Special inspector Mike Hess blowing cement dust from the hole that was just drilled to install #4 rebar. You can see the dust in the air, the holes are then cleaned again with a round brush and blown clean again prior to placing epoxy and rebar.
Don and Freddy placing epoxy into the holes after they had been cleaned. Freddy is following Don and placing the rebar’s into wet epoxy, the rebar’s are turned slowly and pushed down slowly until they bottom out in this case approximately 4.5 inches deep, the bars are turned counter clockwise.
Two # 4’s rebar’s are side by side, all rebar placement is usually spelled out by the engineer on each project.

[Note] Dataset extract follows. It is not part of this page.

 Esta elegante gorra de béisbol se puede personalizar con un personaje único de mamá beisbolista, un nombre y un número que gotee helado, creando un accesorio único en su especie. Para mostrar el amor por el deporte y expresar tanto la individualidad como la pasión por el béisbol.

Julio placing rebar into freshly poured concrete, Julio has a pre-made template, you can see the two notches cut into the template, one for the outside bar and one for the inside bar, there is a cleat or stop on the bottom which fits against the form so each rebar is exactly the same distance from the edge and help line up the panels.
In this photo you can see the edge of the cleat being pushed against the form and this allows the rebar to fit between the foam and wire mesh. I usually crowd the foam side, this helps the Tridipanels to be installed quickly and in a straight line, I highly recommend this method.

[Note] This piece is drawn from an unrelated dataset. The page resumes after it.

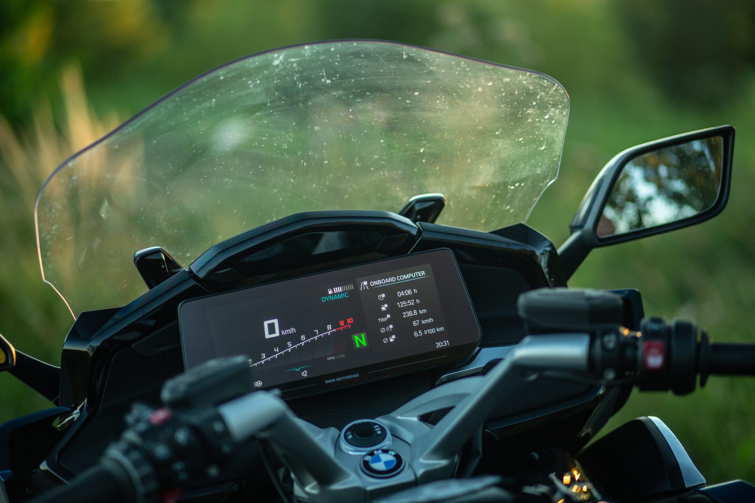 Oproti predchádzajúcej generácii BMW K 1600 GTL dostalo aj nový prístrojový panel v podobe 10,25 palcového displeja a plnou konektivitou s telefónom. Taktiež dostal do výbavy aj nové full LED osvetlenie. Tu musím spomenúť hlavný predný svetlomet, ktorý nemá v segmente motocyklov podľa mňa zatiaľ konkurenciu. Môžu mu ho závidieť aj mnohé moderné autá. Hlavná parabola sa pri náklone naklápa o 35 stupňov na každú stranu a o 2 stupne hore-dole. Pri jazde v noci som videl naozaj všetko a nočná jazda bola naozajstným zážitkom. Čo mi ale vo výbave určite chýbalo, bol adaptívny tempomat. Napriek tomu, že ho BMW vo svojej ponuke má, do výbavy BMW K 1600 GTL sa žiaľ nedostal.

Julio fastening a surround for the finished door jam to be placed into, he is fasting a metal clip to the bottom of the jam, the clip is then shot into the slab with a low V power gun, a spreader plate is placed across the base so the temp jam can’t move.
The black line in front of the temporary jam is the finished cement, this jam is set exactly on this finish line, the lines are sprayed with clear lacquered paint and used as a reference, you can see the metal clip and orange plastic around he head of the concrete pin behind the rebar’s, also the black line is for the finish cement, the red is the line for the wire mesh and panels to set on.